Cristãos perseguidos, muçulmanos malvados!

Em uma bela tarde de quinta-feira, estava eu a caminho de uma lanchonete na cidade de Cuiabá, quando na calçada em frente ao estabelecimento um homem me vê e diz: ”Marhaba!”(bem vindo em árabe) e logo se aproxima de mim me cumprimentando e se apresentando como Paulo, um filho de libanês católico que estava muito feliz em ver um muçulmano nas ruas de sua cidade. Apos me despedir do simpático senhor, continuei meu caminho e pensamentos me vieram a cabeça. que me levam a escrever este artigo. Certamente, o pai árabe-católico do senhor Paulo não o alertou que com muçulmano cristão não brinca, e que ele deveria ter medo daqueles ”que perseguem seus correligionários no Oriente Médio”.

Certamente estas minhas ultimas palavras grifadas não passam de pura ironia. Eu mesmo já morei no pais árabe de maioria islâmica que por séculos abriga uma grande população cristã, o famoso Egito. Que mesmo sendo governado por omíadas, abássidas, fatímidas, aiúbidas, mamelucos, e otomanos manteve ate os dias atuais as igrejas do cristianismo copta. E falando de Egito, me vem a lembrança mais uma passagem de minha vida na terra das piramides. Um dia, estava eu na magnifica Fortaleza de Saladino em Fustat no Cairo, quando parei em uma pequena loja de fotografia para contratar os serviços de um fotografo local.

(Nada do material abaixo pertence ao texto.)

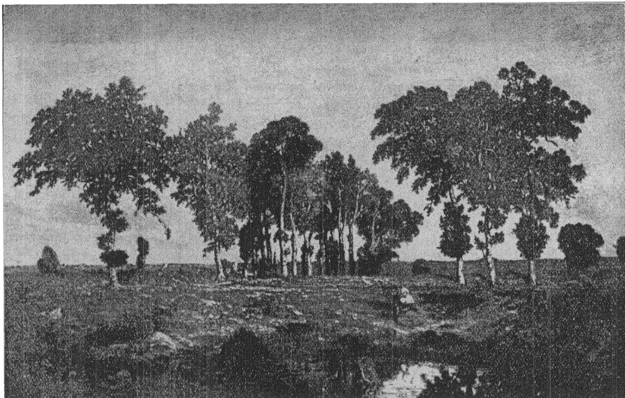
Théodore Rousseau: I SKOGBRYNET.
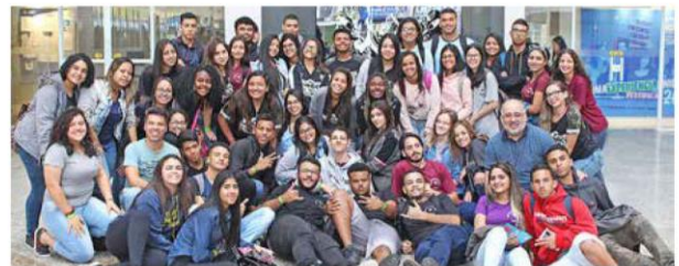
E. E. Ary de Oliveira Garcia, de Cubatão, participou com o maior número de estudantes
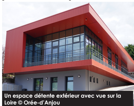
Un espace détente extérieur avec vue sur la Loire © Orée-d'Anjou

D'une surface totale de 400 m 2 , cette nouvelle structure culturelle conçue par le cabinet d'architectes MCM d'Angers s'ouvre sur 200 m 2 dédiés aux jeux et à la lecture et une salle d'activités de 40 m 2 . Les élus et les professionnels avaient à cœur de proposer un établissement moderne et lumineux où chacun, petits et grands, pourrait trouver sa place.
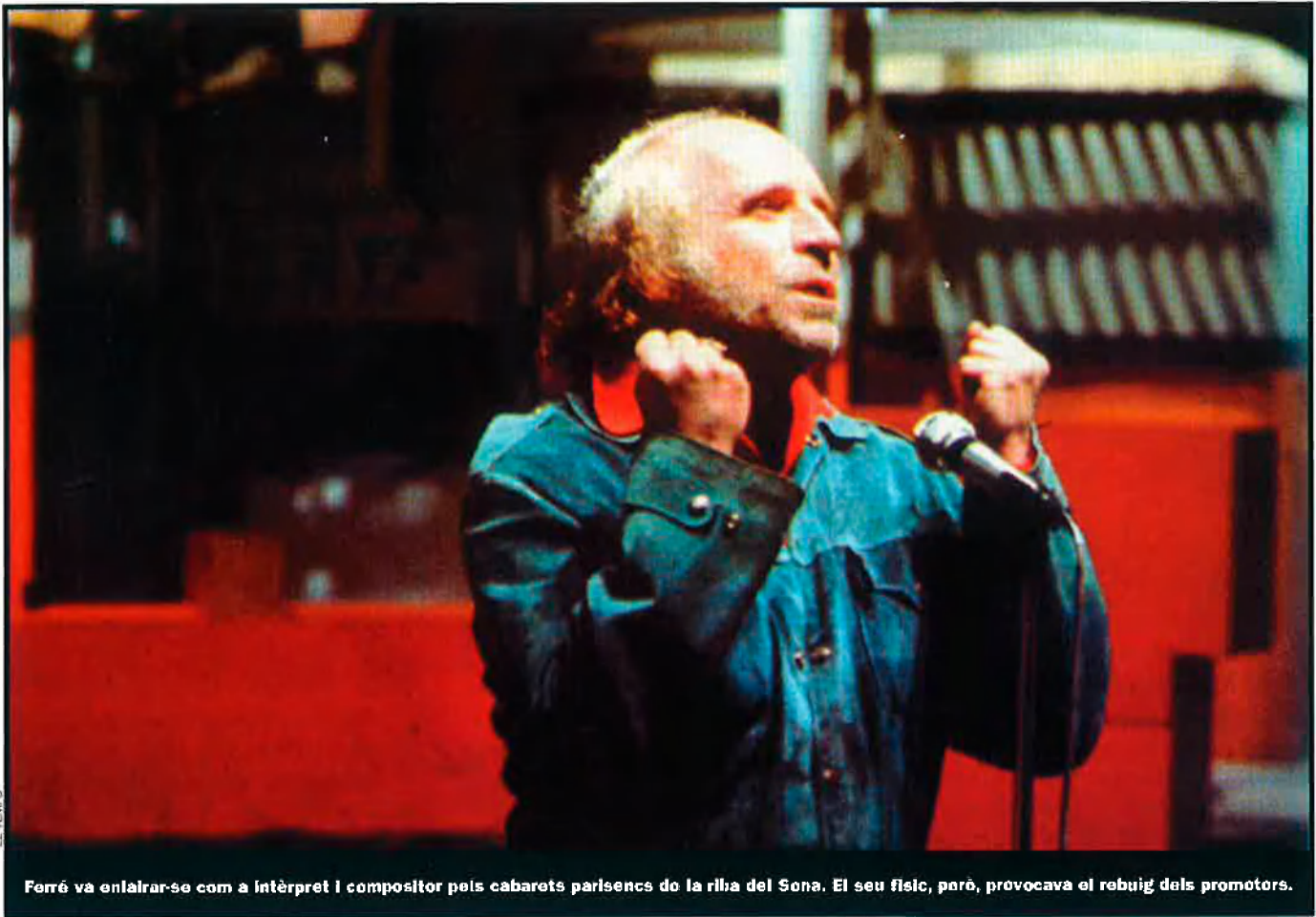
Ferré va enlairar-se com a intèrpret i compositor pels cabarets parisencs de la riba del Sena. El seu físic, però, provocava el rebuig dels promotors.

estudia, entre altres, les carreres de dret i polítiques, i, després de la Segona Guerra Mundial, el 1946, se'n va a París. L'escena musical està protagonitzada per noms com Edith Piaf o Charles Trenet, que han viscut sense sobresalts els anys de l'ocupació. S'hi incorporen noms com Yves Montand, apadrinat per la Piaf, o un Luis Mariano destinat a convertir-se en el rei de l'opereta kitsch fent parella artística amb el compositor Francis López.

Na porta do estabelecimento, sentado em uma cadeira, estava um senhor egípcio tipico que logo soltou algumas palavras para mim em inglês, e se identificou como cristão, e iniciou sua pregação e debate querendo me converter ao cristianismo. Eu meio que fiquei em choque com aquilo. Sempre me foi dito (apesar de eu nunca ter acreditado) que cristãos egípcios vivam oprimidos pela maioria muçulmana há seculos, e que a simples menção a ”Jesus” já era motivo de morte por mãos muçulmanas. Porém nenhuma dessas mentiras tornou-se verdade, e o pregador copta continuou até que eu me cansei, e virei as costas. O fato ficou na minha cabeça por dias, então questionei a um amigo egípcio por que da permissão de um missionário cristão pregar num ponto turístico em um país majoritariamente muçulmano, e os muçulmanos não fazerem nada. O meu amigo me explicou que no Egito onde os cristãos são 10% da população, existe uma lei para impedir o proselitismo, sem essa lei, muitos muçulmanos não veriam problema em assediar a fé dos cristãos em suas casas ou em seus templos (coisa que o Islã proíbe). Ou seja, essa lei é para proteger a ordem social local e a integridade das minorias. O que não impedia que cristãos fizessem o contrario.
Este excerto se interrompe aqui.